This past spring break I was able to lead a group of 10 Gettysburg College students to Port-Au-Prince, Haiti. The experience was sort of surreal for me, as a college senior who has been to Haiti four times. Only a few short years ago, I found myself on my first trip to Haiti, then a high school senior who simply wanted to help, and to learn. The things I saw on my first trip will never leave my mind, things both beautiful and devastating. Haiti is one of the only places I have ever seen this dichotomy play out, and it’s kept me coming back since. This year, I was able to show 10 new people the country I had fallen in love with. Some of them had never even been out of the United States, none had entered Haiti – but every single one went in with an open mind and heart, ready to learn.
We focused our trip on access to education and healthcare – two issues that seem to be hot button topics as much in Haiti as in the United States. Personally, I got the most out of the education portions of our trip.

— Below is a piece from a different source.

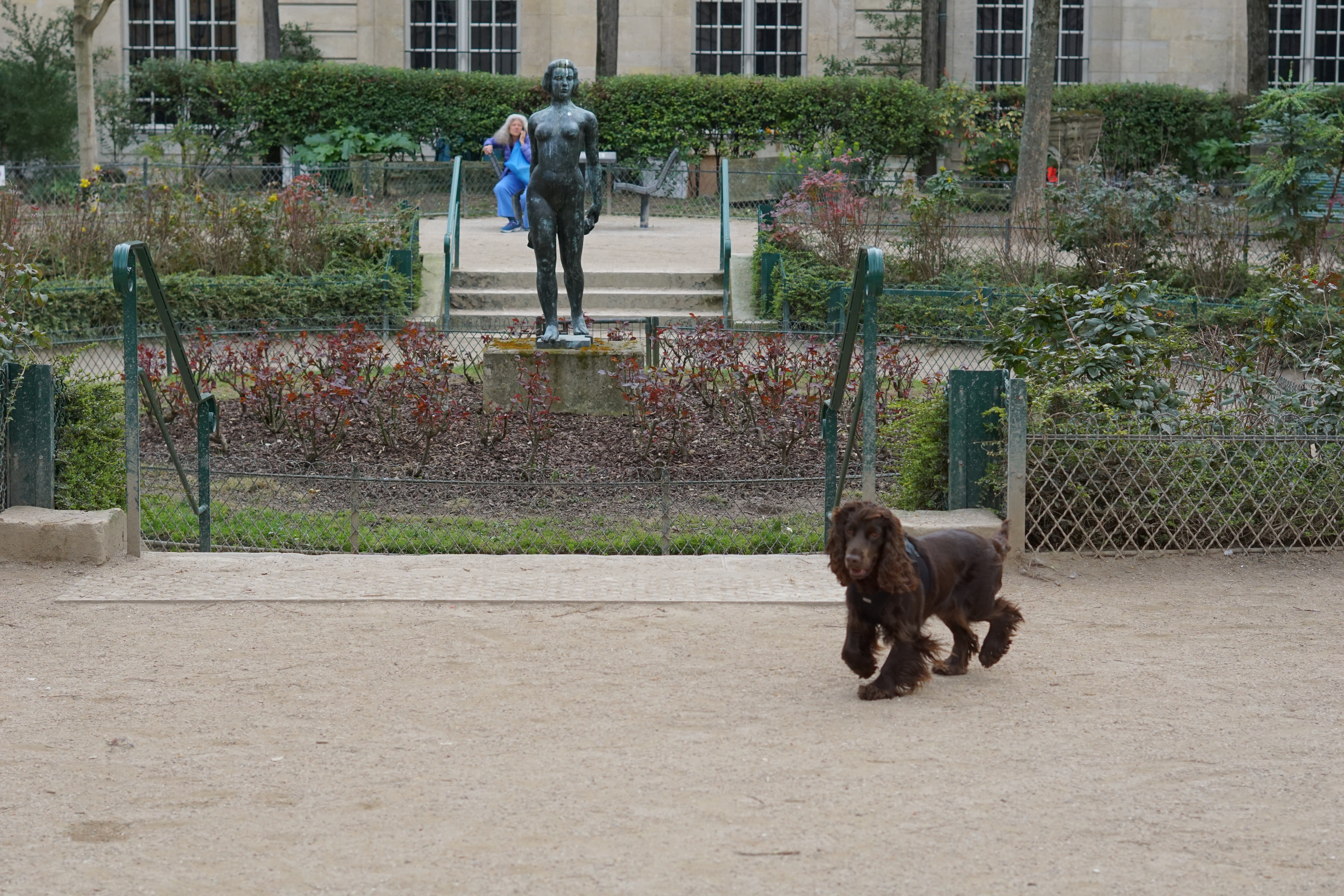 Taking her advice, I went for a walk and found myself at one of my favorite spots in Paris—the dog park at the Jardin de l’Hôtel Lamoignon on Rue des Francs-Bourgeois. The park is a lively spot, filled with playful pups and their often-friendly owners.

Working with Outreach to Haiti (the partner organization) provided incredible opportunity to meet and speak with all kinds of people directly involved in the field; students, teachers, school administration, human rights activists, even government officials all working towards a more educated Haiti.
It all started with friendship. About 4 months before I left, I worked with some incredible students in Haiti to form pen-pal partnerships between English speaking university students in Haiti and the Gettysburg College trip participants. At least once a week, these students had messages going back and forth - mostly using Facebook for email. When we got to Haiti, one of the first things we did was meet as a big group, starting with all the pen-pals talking to each other. As an organizer, I didn’t have anyone specific to talk to, so instead I go to observe. I watched as slight language barriers disintegrated, as Americans and Haitians talked somberly about problems with the government one minute, laughing hysterically about the latest episode of “Orange is the New Black” the next. It is conversations like these, the ones that show us all people, that I hope I never forget.

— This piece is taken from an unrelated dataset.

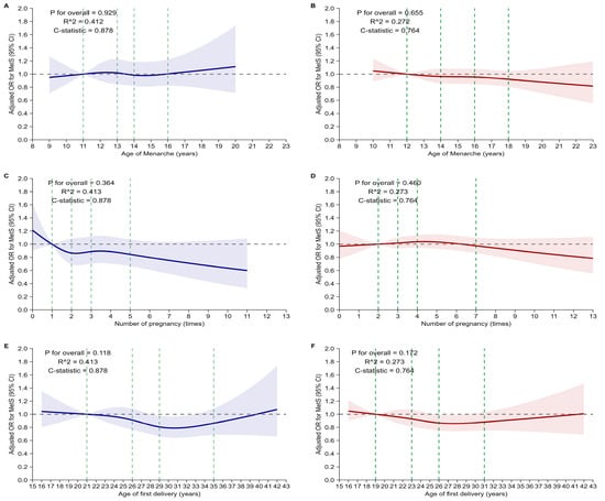 Restricted cubic spline analyses of reproductive factors and risk of metabolic syndrome stratified by menopausal status. Restricted cubic spline curves illustrate the adjusted ORs and 95% confidence intervals (shaded areas) for MetS according to age at menarche (A,B), number of pregnancies (C,D), and age at first delivery (E,F), separately for pre-menopausal (blue, left panels) and post-menopausal women (red, right panels). Models were adjusted for age, body mass index, number of pregnancies, age at first delivery, number of breastfed children, OC use, education level, income quintile, marital status, smoking status, drinking habits, walking frequency, and exercise frequency. Survey-weighted estimates were adjusted for all covariates. Knots were placed at the 5th, 35th, 65th, and 95th percentiles of each exposure distribution and are indicated by green dashed lines. Nagelkerke’s R2 and C-statistics are shown in each panel to indicate model performance. Abbreviations: MetS, metabolic syndrome; OC, oral contraceptive.

One day we got a chance to visit a local primary school, it had students from kindergarten to 6thgrade. The students were positively adorable, and incredibly well behaved. They all wore matching uniforms; the colors indicated the grade year. One our trip we wanted to show the importance of education to the Haitian people, and so we filmed every classroom we entered, always asking the same question: “do you think education is important?” Without exception, every hand went up, every time. Seeing the excitement about education gave me pause as I considered if the enthusiasm would be matched by a classroom of American students. In Haiti the job prospects of an uneducated person are brutally limited. In a country with 80% unemployment, children as young as 6 or 7 are fully aware of the struggle they face if they are left outside school walls.

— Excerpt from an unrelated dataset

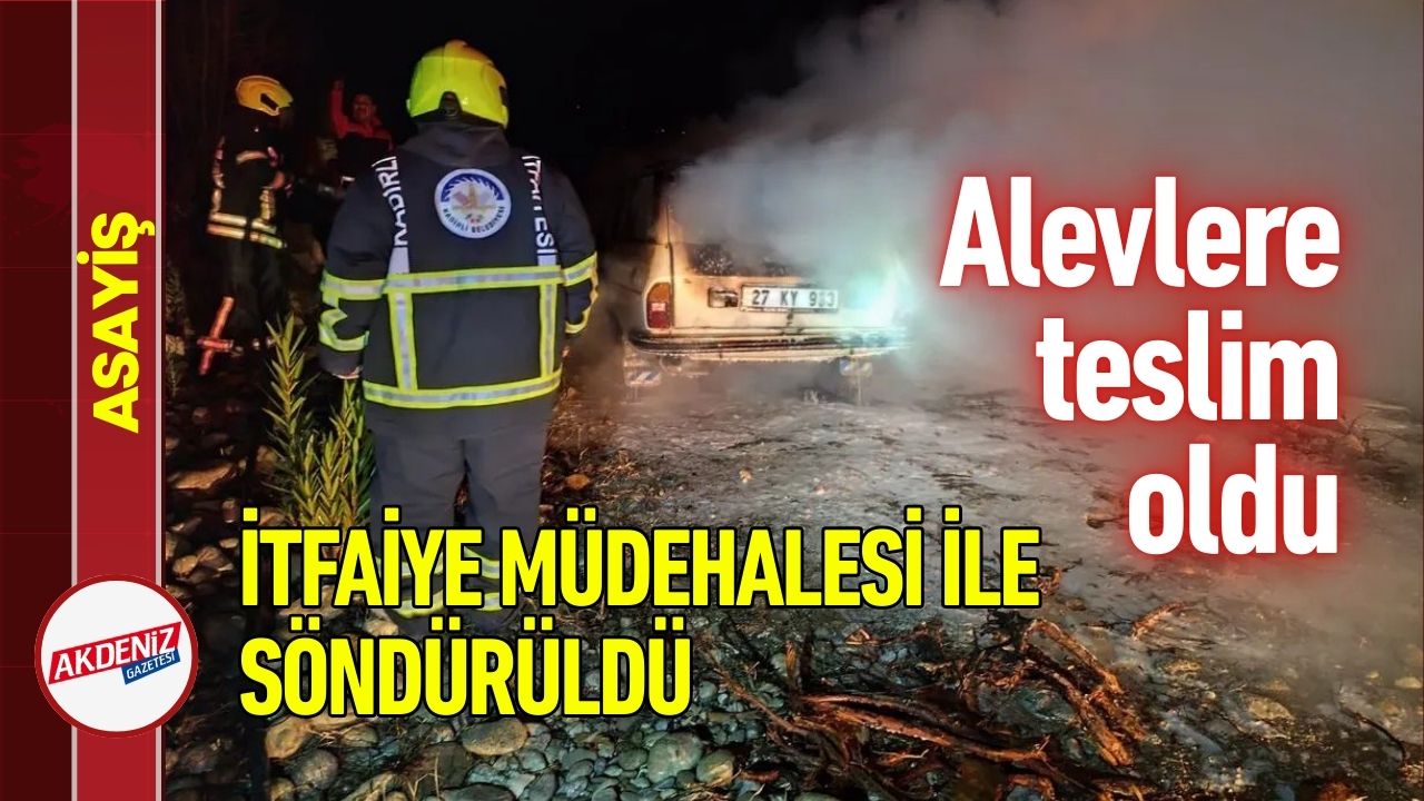 Henüz bilinmeyen bir nedenle alev alan araç, kısa sürede yanmaya başladı.

We also got to meet a member of the Ministry of Education in Haiti, the government’s branch dedicated to running and expanding the public education system there. I am not quite sure what I expected walking into that room; I only knew the gravity of the situation for children in Haiti. They have the same legal requirement that all children must go to school as the United States does. However, there is an absolute inability to fulfill this requirement in terms of who wants to go to school, and who gets to – less than 20% of children in Haiti receive a public-school education. With numbers so staggering, I guess I expected some sort of casual man to work in that department; perhaps cruel, perhaps inept. Instead, we were introduced to a man who was clearly aware of the problems with the education system, and deeply desired to fix them. As he explained, a lack of funding has been devastating to their cause. As the government flounders without any significant tax income, education is one of the first departments to get cut. Private schools, like the ones supported indirectly by Outreach Haiti, have become a necessity to getting kids the education they deserve. One day, he hoped, the system would develop a place where the public schools could serve everyone.
Haiti is a beautiful place, without a doubt. There are so many things working against the Haitian people, and yet they persist. The only truly stable facet of the country is its instability, and yet there is no pity or depression to be seen in the eyes of the people there. Only hope and potential exists in this country. All too many go there with this concept of exactly what needs to be done, “here is what is wrong, and here is how you fix it.” The time our group spent in Haiti was focused not on how we knew what the Haitians didn’t, but rather how we could learn from the Haitians ourselves. I am confident in saying I have gotten far more out of Haiti than I have been able to put in, yet I don’t feel that this is a selfish statement. Haiti is a country with so much to offer. As we learned on our trip, it needs dedicated leaders with heroic levels of patience. These leaders are already there, right now - sitting on the desks and chairs of the cinderblock schools, reading their books. They raised their hands to our questions, but they were committed to far more. We won’t know the extent of their success for years to come, and yet I cannot wait to see it.